We hope you saved some sparklers and Roman candles from Canada Day to light up the sky on the Glorious Fourth.
And we hope you're set to celebrate with grilled burgers and loaded hotdogs, corn on the cob and fried chicken, a chilled brew, and perhaps a bourbon Old Fashioned. For dessert, consider this: a Fourth of July cake, created by Erin McDowell, iced and decorated to represent the US flag, with blueberries as stars and raspberries as stripes.
The two names that come to mind (our mind, anyway) on this day are Louis Armstrong and George M. Cohan, both of whom claimed to have been born on the Fourth of July.

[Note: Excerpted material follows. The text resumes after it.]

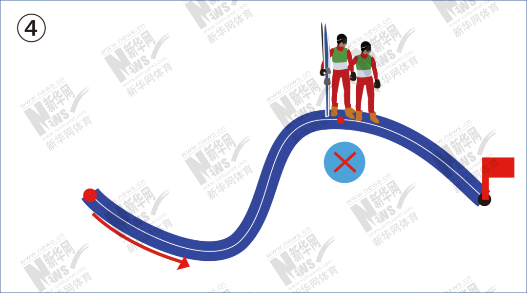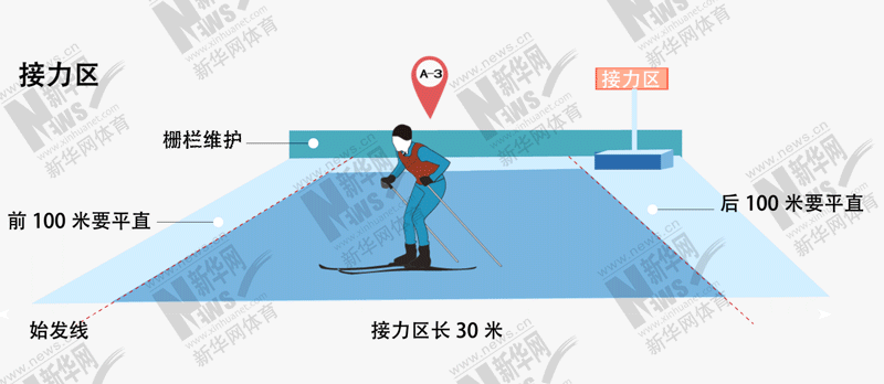 接力区有栅栏围绕并设置明显的标志符号,长度有30米。接力区前后100米以内的雪道要平直且标志明显。在终点线和接力区之间留有一个宽5米的安全区。

Which may not be entirely accurate, but as the newspaper editor says in "The Man Who Shot Liberty Valance," "When the legend becomes fact, print the legend."
We can't imagine better music for the day than the recordings made between 1926 and 1929 by Louis Armstrong's Hot Five and Hot Seven, groups that included Kid Ory, Johnny Dodds, Zutty Singleton, Lil Hardin Armstrong, and even Earl Hines. Sip that Old Fashioned and listen to "Struttin' with Some Barbecue."
Cohan wrote "Yankee Doodle Dandy," and you can see James Cagney playing him on film, doing his own fine struttin'. If you don't want to sit through the full movie, turn to YouTube to see Cagney dance, in a way no one else ever has.
Then you, too, will be ready to sing:
"I'm a Yankee Doodle Dandy,
Yankee Doodle do or die,
A real live nephew of my Uncle Sam,
Born on the Fourth of July."
A glorious Fourth to all, and especially those linked forever to Bad Axe, Michigan.